Home - gabrielvpina/viralquest GitHub Wiki

Welcome to the ViralQuest wiki!

ViralQuest is a pipeline for viral identification and characterization in DNA and RNA samples, it uses a FASTA file of input (not FASTQ) and returns all the information about viral sequences in it.

Basics steps in ViralQuest

1. Select viral sequences

ViralQuest is a pipeline driven to efficiently search viral sequences in a file, it's possible use a raw FASTA file of an assembled sample and align all the sequences at once against a large database, but this step takes a lot of time, energy and computer processing. ViralQuest uses some strategies to select possible viral sequences in a sample to reduce time and increase efficiency in the process. This strategies are based in:

Sequence align - It's possible to align sequences with a small databases of viral proteins, like RefSeq Viral Release, to select all sequences with some similarity with viral proteins via BLASTx algothm;
Hidden Markov Models - Viral clusters that contain protein information of viral conserved regions. They are pre-created models (RVDB, VFAM and eggNOG Viral OGs) that can be compared with aminoacid data to search some similiraty through HMMER algorithm;

In summary, ViralQuest align the sequences to a minor database of viral characterized proteins and predict the possible Open Reading Frames (ORFs) of all sequences and compare then with a HMM models that contain viral conserved regions. This two results combined can increase the efficient search of viral elements in a FASTA file.

2. Global Alignment

After select the possible viral sequences, the global alignment with large databases of nucleotide (nt/core_nt) and aminoacids (nr/refseq_protein) remove false positives of the first search and returns a better characterization of the viral sequences. Due the removal of non-viral sequences in step 1, this process is considerable faster than a normal global aligment with all raw sequences.

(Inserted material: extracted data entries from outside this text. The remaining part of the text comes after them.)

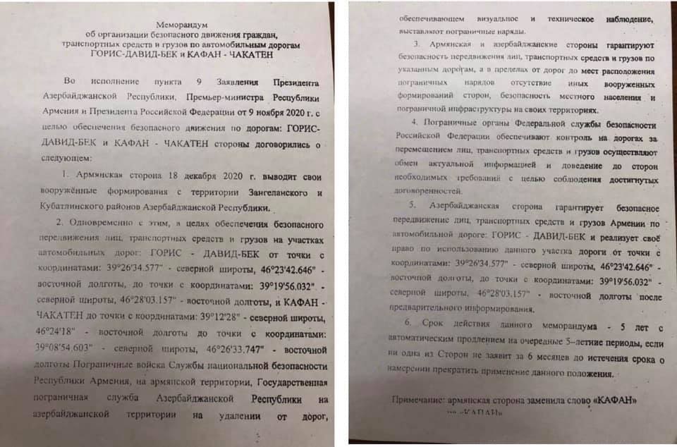 Политолог Грант Микаелян опубликовал сканы документа, подписанного Арменией и Азербайджаном.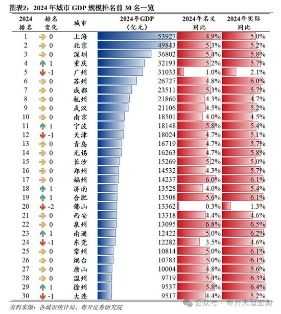 从城市排名看,上海领跑全国、重庆超越广州、宁波超越天津,唐山跻身万亿城市行列。2024年,长三角城市群经济增长强劲,上海GDP继续位列全国城市榜首,按美元平均汇率折合7572亿美元,人均GDP首次超过3万美元;在同一级行政区比较上,上海市GDP相当于日本东京都(8303亿美元 )的九成左右。深圳GDP增速在一线城市中最快,GDP规模继续维持全国第三位,深圳外贸进出口规模则升至全国城市榜首。然而,珠三角其他城市则经济表现欠佳:2024年广州经济增长弱于预期,受到房地产和传统汽车行业的双重拖累,GDP排名下降至全国第五;佛山制造业竞争力下降,GDP增速在万亿元城市中垫底,GDP排名被合肥和济南超越;东莞经济受房地产拖累,GDP排名被南通超越。重庆GDP超过广州、跻身全国第四城,主要得益于新能源汽车产业引领工业升级,加快形成发展新动能。宁波GDP排名超越天津,背后是南北方第一大港口内外需表现分化,宁波2024年进出口增速(11.1%)高于天津(1.3%),宁波社会消费品零售额增速(1.3%)高于天津(-3.1%)。2024年,“万亿城市”队伍继续扩容,唐山成为中国第27座万亿GDP城市,这不仅源于唐山利用中央增量政策加快释放消费需求,开展消费品以旧换新进社区、进农村等活动,还通过钢铁工业转型促进工业投资,加强钢企融资、“两新”再贷款支持,叠加GDP修订因素,2024年名义GDP突破万亿元关口。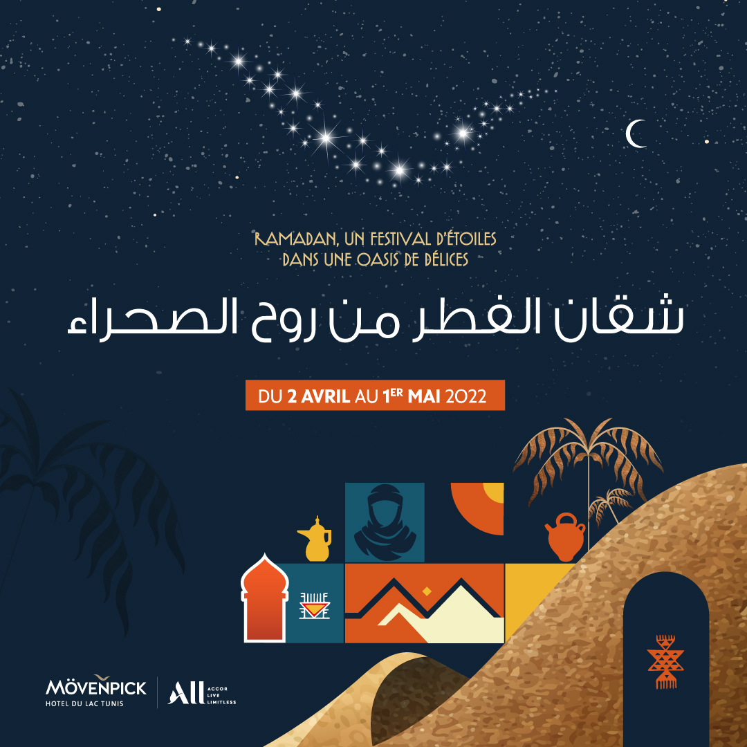 Après le succès de l’année dernière ' Ramadan Zmen ', le Mövenpick Hotel du Lac Tunis vous réserve, cette année, de nouvelles surprises pour un mois de Ramadan unique avec la mise en avant du patrimoine culinaire et artistique du Sud tunisien.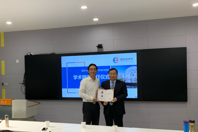 11月5日上午,在我校西方经济学教研团队开展“回归育人本分,提升教学能力”期中教研活动期间,应团队首席教授李政军的邀请,北京大学经济学院博士生导师苏剑教授来校作了题为《基于总供求模型和中国特色的宏观调控体系》的学术报告。讲座开始前,副校长费凌为苏剑教授颁发了“西方经济学教学团队学术顾问”聘书。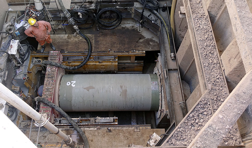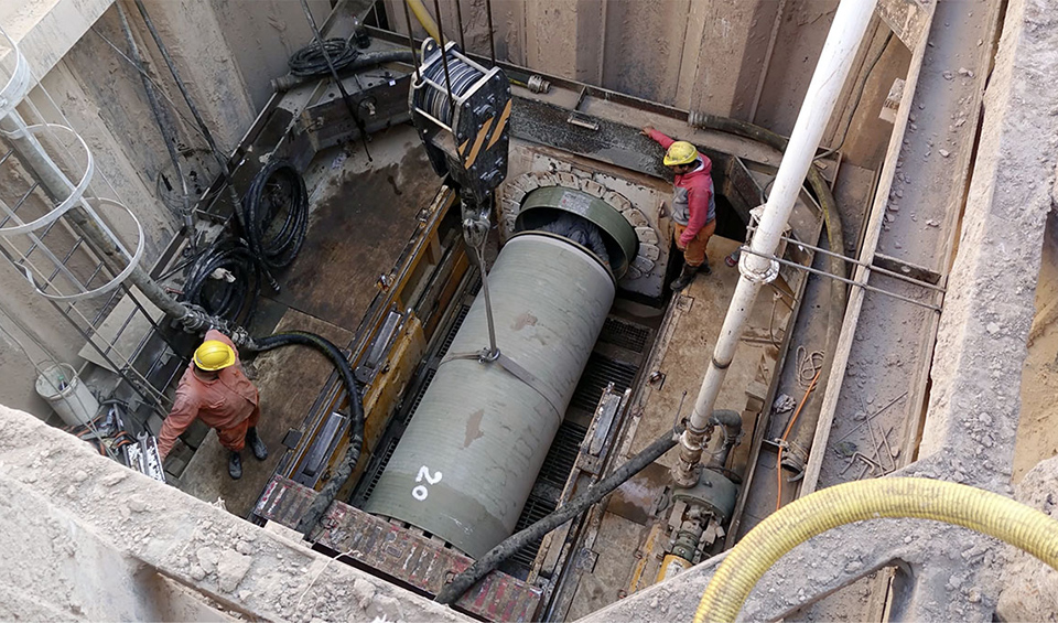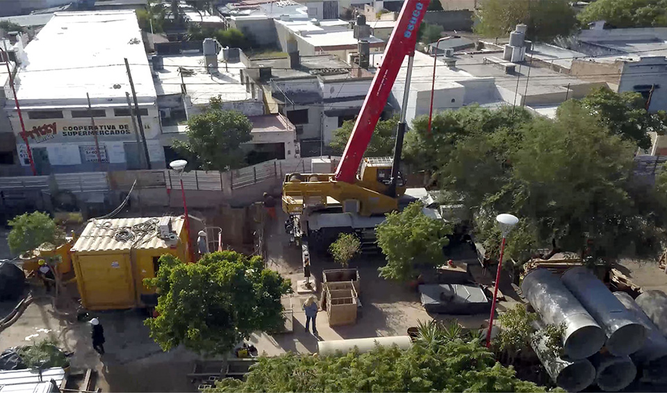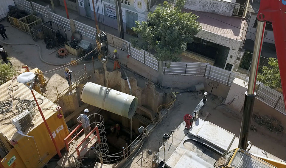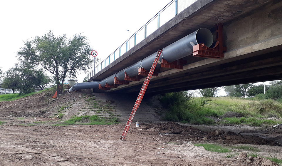 Cañería de impulsión de 10 km en diámetros 1400, 1300 y 1100, estaciones de bombeo, cruces bajo arroyos, rutas nacionales y vías FFCC.

3. Taxonomic Characterization

The results of BLASTx are collected, and the match species is compared with the databases of:

NCBI Taxonomy;
ICTV Master Species List;

This search may return Phylum, Class, Order, Family, Genus, Species and Scientific name of the subject viral sequence.

4. Conserved Domains Analysis

To further characterize viral sequences, the analysis of conserved regions is necessary to ensure the results and better characterize sequences of possible novel viruses. The HMM model chosen to realize this task is Pfam, and as a complementary information, a database of functional annotation of Pfam conserved regions is also used in this analysis.